From the entries below, write out exactly the lines between the line holding "- Una vez cocidos" and the line holding "The ratio is", inclusive, excluding any pictures.
*** RECORDS TO USE ***
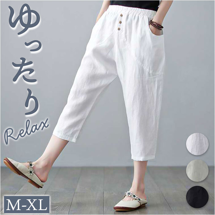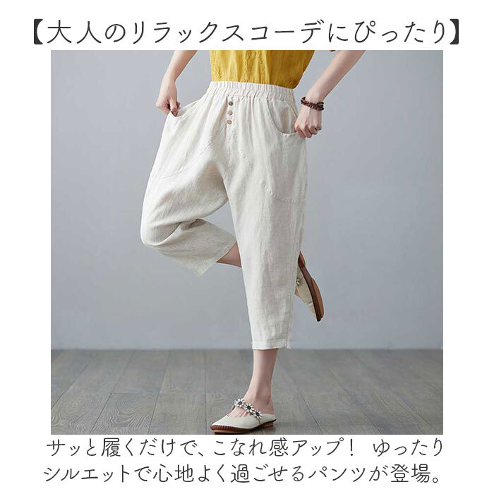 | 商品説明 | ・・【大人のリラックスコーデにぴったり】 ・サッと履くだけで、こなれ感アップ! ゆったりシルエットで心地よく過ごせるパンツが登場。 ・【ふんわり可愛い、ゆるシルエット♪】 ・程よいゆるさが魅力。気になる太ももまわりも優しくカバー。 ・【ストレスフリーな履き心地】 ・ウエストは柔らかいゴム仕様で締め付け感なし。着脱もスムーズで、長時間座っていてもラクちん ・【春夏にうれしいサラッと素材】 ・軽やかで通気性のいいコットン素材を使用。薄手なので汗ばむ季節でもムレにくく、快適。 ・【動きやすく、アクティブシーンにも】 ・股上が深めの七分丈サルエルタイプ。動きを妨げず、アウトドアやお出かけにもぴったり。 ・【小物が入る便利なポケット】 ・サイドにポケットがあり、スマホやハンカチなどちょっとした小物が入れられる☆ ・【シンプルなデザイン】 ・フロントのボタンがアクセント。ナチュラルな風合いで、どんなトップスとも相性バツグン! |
*** End of RECORDS TO USE ***
*** RECORDS TO USE ***
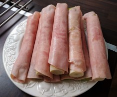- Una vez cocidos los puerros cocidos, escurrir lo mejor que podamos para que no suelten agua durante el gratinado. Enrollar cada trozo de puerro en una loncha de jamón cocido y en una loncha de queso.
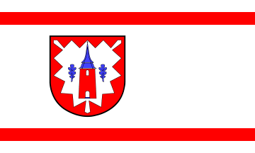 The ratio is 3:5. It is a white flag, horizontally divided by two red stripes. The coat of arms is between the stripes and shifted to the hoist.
*** End of RECORDS TO USE ***
### SOLUTION TO THE PROBLEM
- Una vez cocidos los puerros cocidos, escurrir lo mejor que podamos para que no suelten agua durante el gratinado. Enrollar cada trozo de puerro en una loncha de jamón cocido y en una loncha de queso.
 The ratio is 3:5. It is a white flag, horizontally divided by two red stripes. The coat of arms is between the stripes and shifted to the hoist.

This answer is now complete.